Retype the lines of the material below, exactly and only, from the one containing "The Bosch AXT" through the last line, with pictures left out.
DATASET RECORDS Block Start
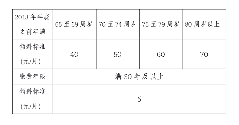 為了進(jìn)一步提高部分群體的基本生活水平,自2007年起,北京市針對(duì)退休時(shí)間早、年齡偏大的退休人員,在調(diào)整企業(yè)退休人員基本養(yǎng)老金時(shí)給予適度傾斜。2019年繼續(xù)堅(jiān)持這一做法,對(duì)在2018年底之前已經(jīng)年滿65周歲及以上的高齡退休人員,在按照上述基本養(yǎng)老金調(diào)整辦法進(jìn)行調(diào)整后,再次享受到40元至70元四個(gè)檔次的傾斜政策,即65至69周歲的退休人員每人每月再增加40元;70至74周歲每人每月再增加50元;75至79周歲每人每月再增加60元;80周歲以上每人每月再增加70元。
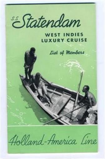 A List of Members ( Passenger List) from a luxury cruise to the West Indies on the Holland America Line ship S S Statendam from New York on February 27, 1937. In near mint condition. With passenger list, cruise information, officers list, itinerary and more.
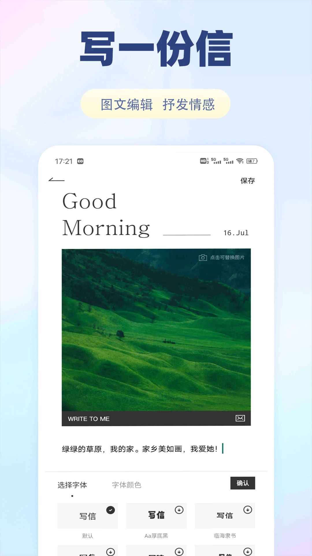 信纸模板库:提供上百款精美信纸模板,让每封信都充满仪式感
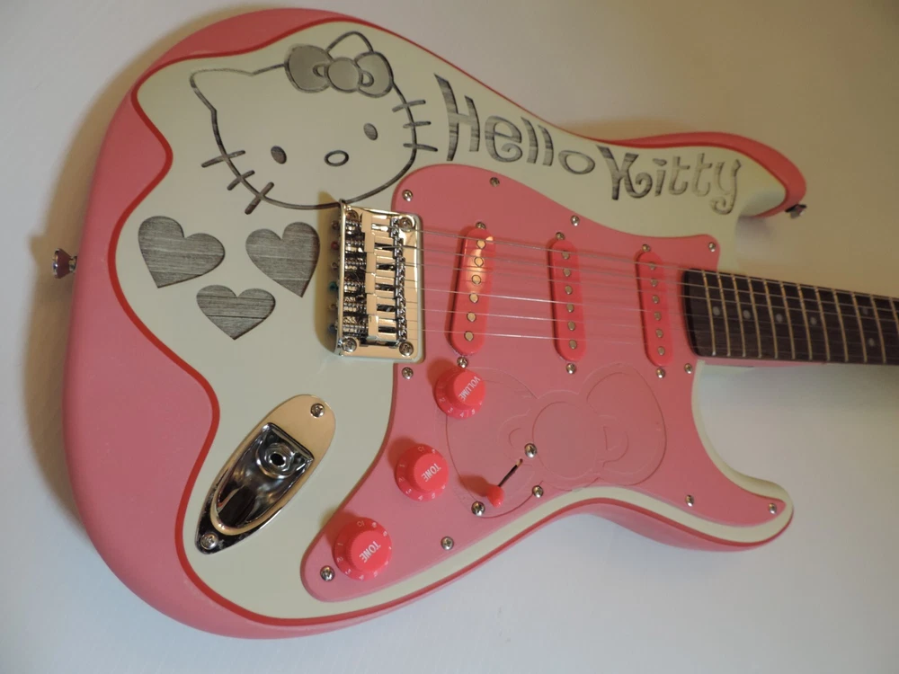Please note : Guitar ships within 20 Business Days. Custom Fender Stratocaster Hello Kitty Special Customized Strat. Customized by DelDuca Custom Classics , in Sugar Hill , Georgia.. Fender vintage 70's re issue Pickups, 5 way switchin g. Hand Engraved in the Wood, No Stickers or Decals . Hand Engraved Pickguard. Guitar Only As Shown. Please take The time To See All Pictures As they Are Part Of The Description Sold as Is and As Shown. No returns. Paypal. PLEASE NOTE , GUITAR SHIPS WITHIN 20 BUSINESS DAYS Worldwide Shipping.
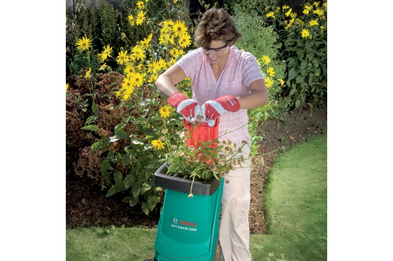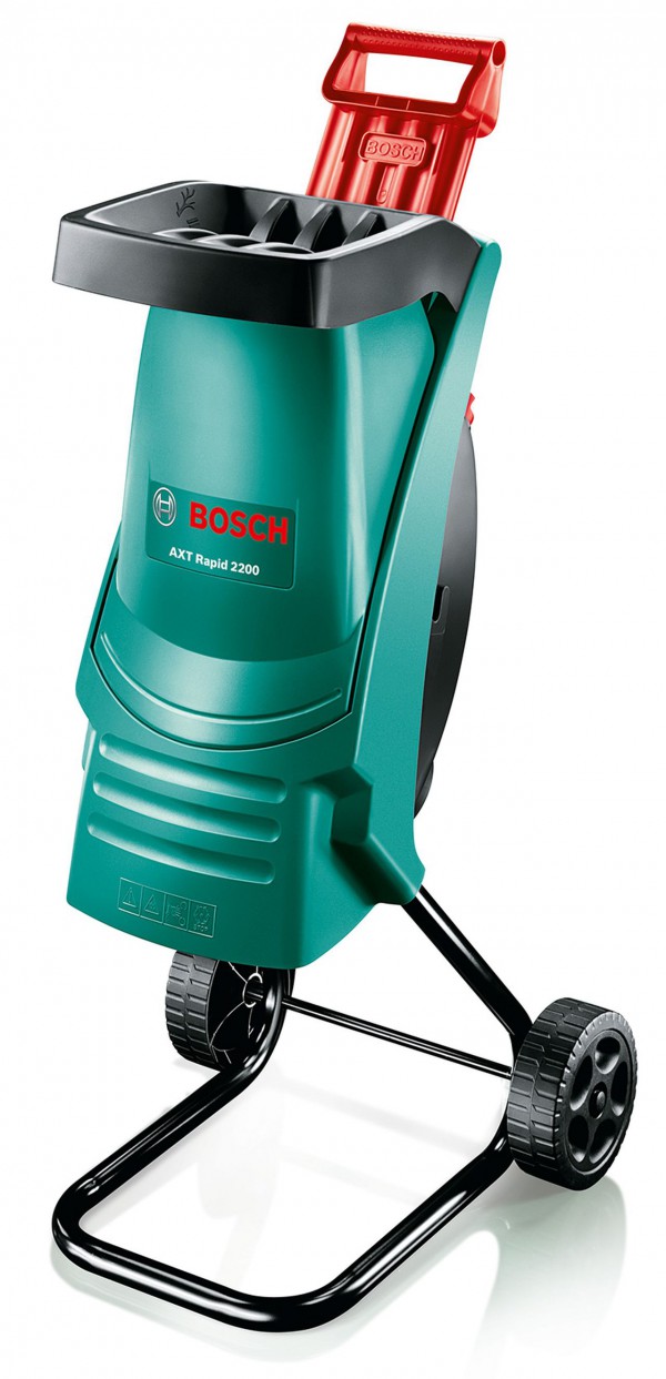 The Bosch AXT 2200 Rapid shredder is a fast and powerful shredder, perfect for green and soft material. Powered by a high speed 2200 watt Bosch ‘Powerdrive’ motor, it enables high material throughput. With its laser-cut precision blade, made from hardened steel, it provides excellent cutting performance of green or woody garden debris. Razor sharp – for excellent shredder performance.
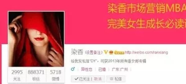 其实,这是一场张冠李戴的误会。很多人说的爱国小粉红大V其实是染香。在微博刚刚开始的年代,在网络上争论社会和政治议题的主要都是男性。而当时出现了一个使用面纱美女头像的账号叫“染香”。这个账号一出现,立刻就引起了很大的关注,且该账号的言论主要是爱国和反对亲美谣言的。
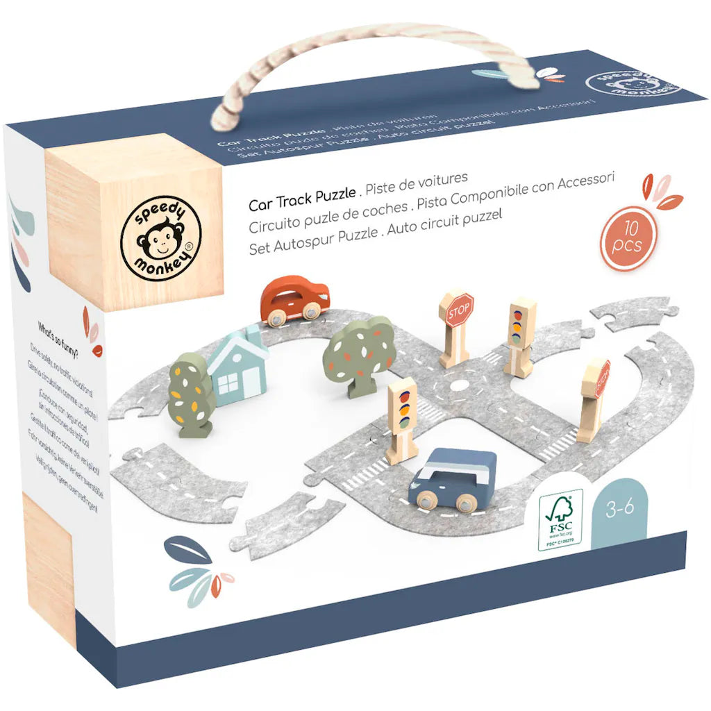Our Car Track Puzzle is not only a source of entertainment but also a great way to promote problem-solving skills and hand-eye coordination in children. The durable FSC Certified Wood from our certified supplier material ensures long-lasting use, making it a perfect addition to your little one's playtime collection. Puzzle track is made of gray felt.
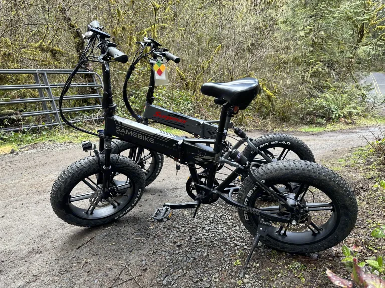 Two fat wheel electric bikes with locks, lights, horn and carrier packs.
DATASET RECORDS Block End
RESPONSE AREA
 The Bosch AXT 2200 Rapid shredder is a fast and powerful shredder, perfect for green and soft material. Powered by a high speed 2200 watt Bosch ‘Powerdrive’ motor, it enables high material throughput. With its laser-cut precision blade, made from hardened steel, it provides excellent cutting performance of green or woody garden debris. Razor sharp – for excellent shredder performance.
 其实,这是一场张冠李戴的误会。很多人说的爱国小粉红大V其实是染香。在微博刚刚开始的年代,在网络上争论社会和政治议题的主要都是男性。而当时出现了一个使用面纱美女头像的账号叫“染香”。这个账号一出现,立刻就引起了很大的关注,且该账号的言论主要是爱国和反对亲美谣言的。
Our Car Track Puzzle is not only a source of entertainment but also a great way to promote problem-solving skills and hand-eye coordination in children. The durable FSC Certified Wood from our certified supplier material ensures long-lasting use, making it a perfect addition to your little one's playtime collection. Puzzle track is made of gray felt.
 Two fat wheel electric bikes with locks, lights, horn and carrier packs.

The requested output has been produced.